Using a Special Needs Trust for Child Support Payments to Maximize Public Benefits Eligibility

Divorce for families with children is difficult in all situations, but when it involves a child with a significant disability the challenges are often greater. This article is intended to assist families and their advisors in exploring how to continue to provide for a child with a disability and maximize their eligibility for benefits.

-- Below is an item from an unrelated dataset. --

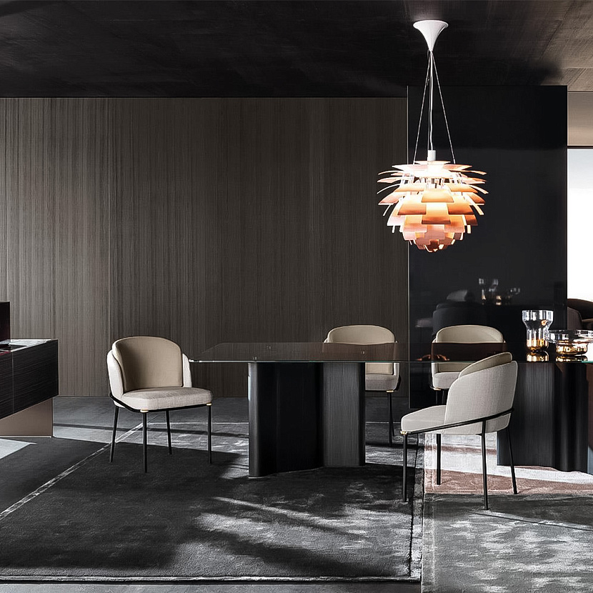 Стул Fil Noir Dining Chair — часть коллекции Fil Noir, созданной дизайнером Christophe Delcourt для Minotti. Модель отличается графичным силуэтом, сформированным тонкой металлической конструкцией, которая одновременно очерчивает форму и поддерживает сиденье.

Step 1 – Figure out What Child is Receiving Now and Likely to Receive in the Future

Much of this article will focus on preservation of eligibility for SSI which in most families does not occur until the child turns 18 because the custodial parent’s income and assets are deemed or attributed to the child. At age 18 in most cases the parent’s income and resources are no longer deemed or attributed to the child and benefit eligibility is determined solely on the child’s income and resources. In many cases essential government services such as attendant care and residential services will be dependent upon eligibility for Medicaid which has similar rules. It is common that eligibility of the minor child for these programs are based on a Medicaid waiver which essentially ignores the custodial parent’s resources and income, but the income and resources of the child can affect eligibility. A warning to the reader – eligibility rules for these programs can be very confusing and it is best to make sure you have advisors who are familiar with these programs.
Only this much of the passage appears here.